父の腕の中で、ふにゃふにゃと泣く赤子は愛らしく、愛おしく、悠生に初めて、“可愛い”という感情をもたらしてくれた。
『依月……』
『そうだよ。“豊かな愛情の中で、自然体のまま、多くの人に愛されますように。そして、優しく穏やかに人々を照らす存在になりますように”っていう願いを込めたんだ』
父がすっごく悩んでいた名前。
漸く、答えが出たんだと嬉しくなった。
『フフフッ、この人、悠生(ユキ)の時もかなり悩んだんだから』
『そうなの?』
『ええ。雪の降る日に産まれたあなたに、冬に因んだ音を入れたい、でも、あれもこれも捨て難いって……今回は平和よ。あなたの時、知恵熱を出して倒れたんだから』
ベットで娘をあやす夫を見ながら、呆れたように、けど、幸せそうに笑う母親。
『だから、ユキって読むの?』
『そうよ。
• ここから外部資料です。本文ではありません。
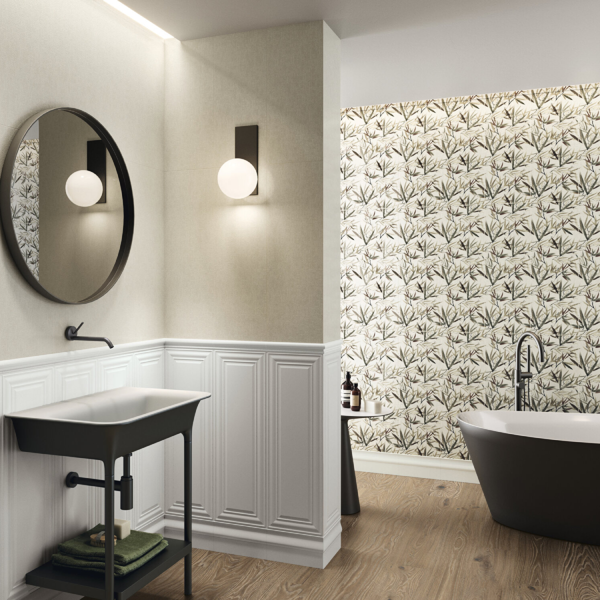 Azulejo pasta blanca mate rectificado de forma rectangular y 8,90mm de espesor. La impresión digital ha marcado un antes y un después en la cerámica. Gracias a ella, colecciones como Fables alcanzan un nivel de detallismo impresionante, que favorece la convergencia de materiales y abre nuevas posibilidades en diseño. Uno de los elementos clave que inspira Fables es la boiserie, paneles de madera en las paredes muy populares en Francia durante los siglos XVII y XVIII. De hecho, Fables se inspira directamente en una de las habitaciones del Hotel Rohan en París, donde aún se conserva una estancia llena de boiseries, conocida como «Le Cabinet des Fables de la Fontaine». Este vínculo con la tradición francesa de la boiserie, junto con la renovación de la colección a través de nuevos colores y zócalos, reinterpreta el concepto de elegancia fusionando la inspiración clásica con la vanguardia.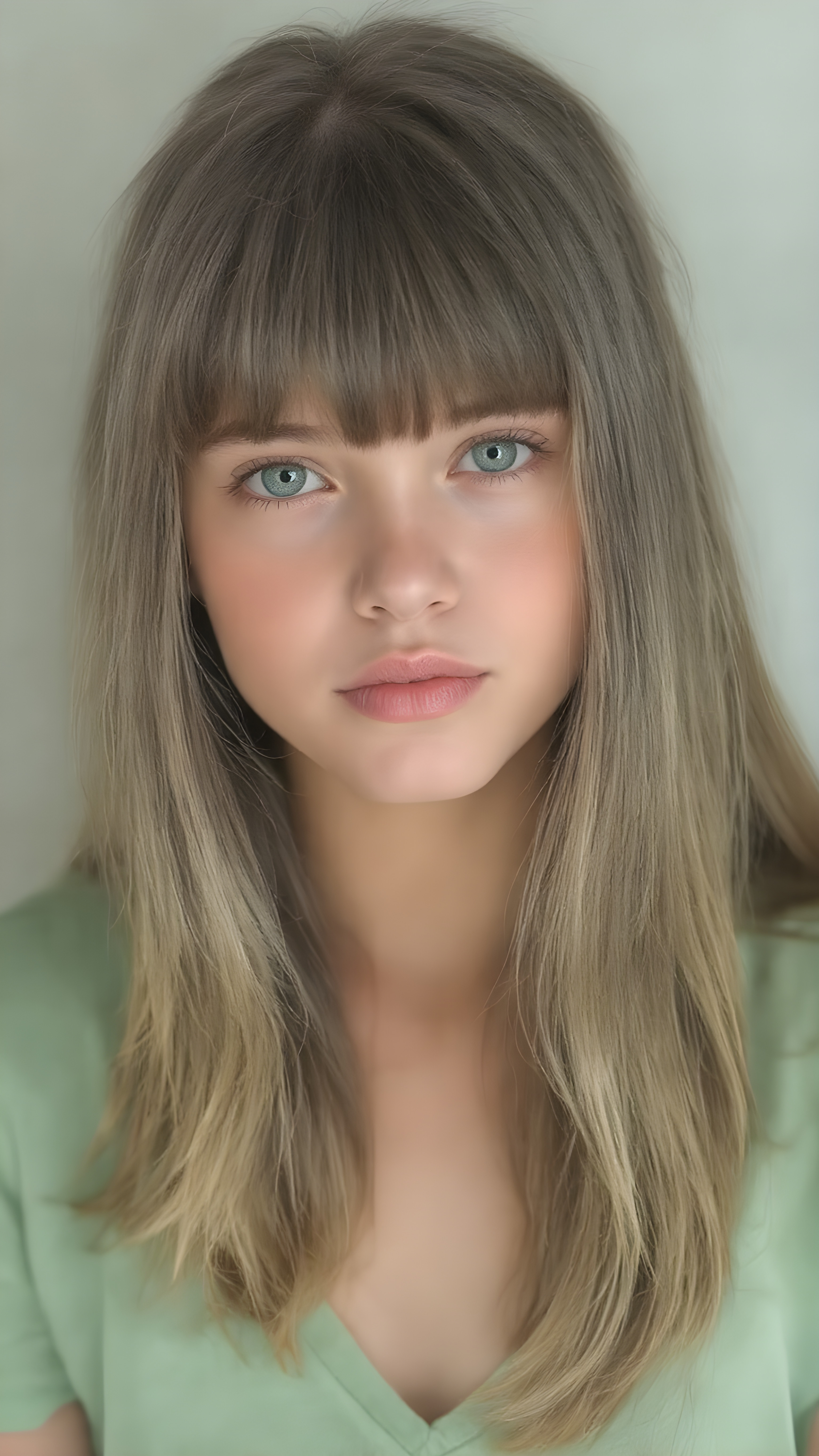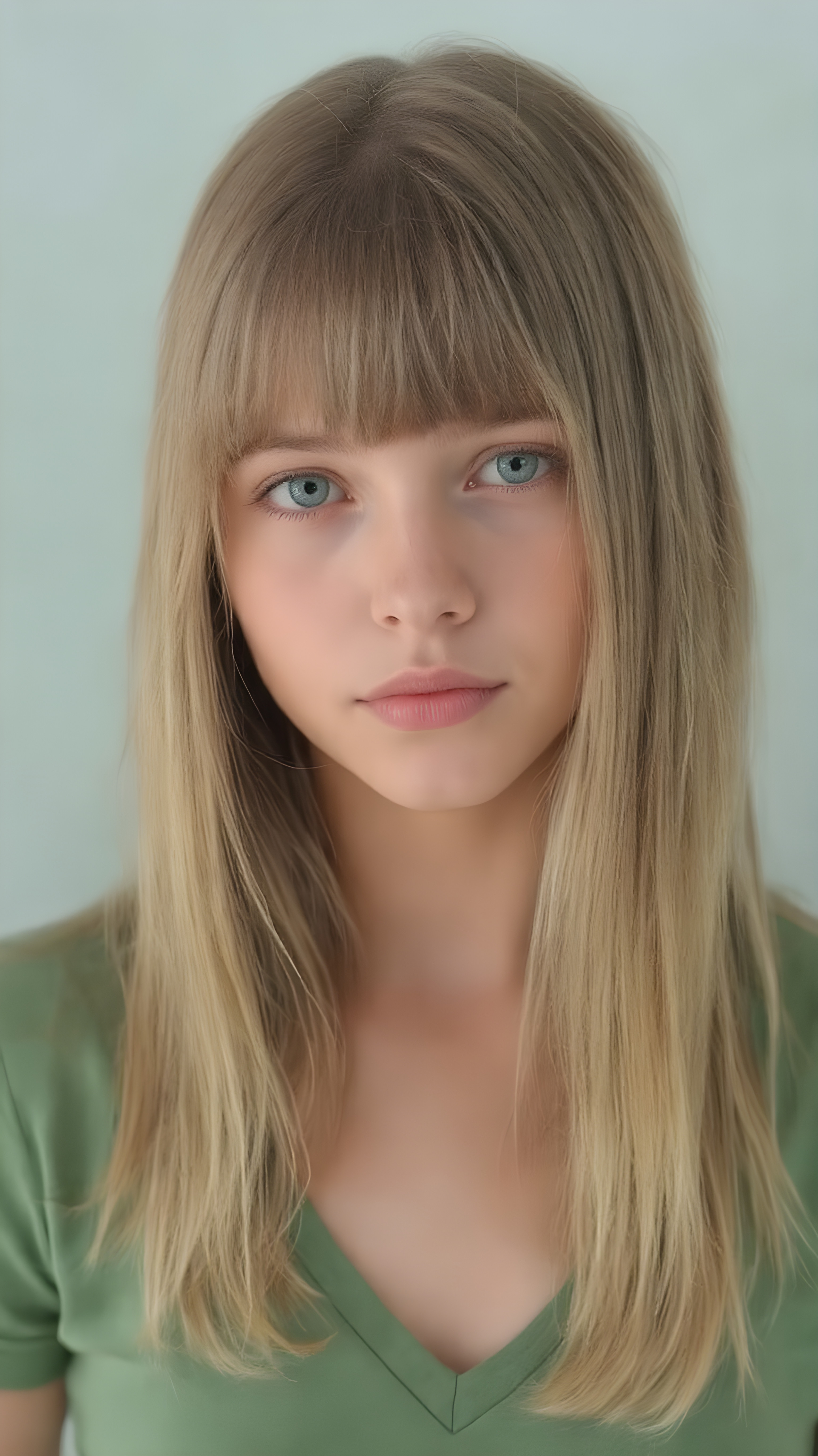 a young perfect girl, dressed in green light t-shirt deep v-neck, with ((long straight soft perfect hair, bangs)), flawless, gentle perfect round face, green perfect eyes, perfect full lips

ユウセイでもなく、ユウキでもなく、ユキなのは、あの人のこだわり』
─昔から、一度は名前を呼び間違えられた。
でも、そこには親の愛情が沢山詰まっていた。
『なんで、悠かを生きるで、悠生?』
依月にも意味があるのだから、きっと、自分の名前にも意味を刻み込んでくれているんだろうっていう思いだった。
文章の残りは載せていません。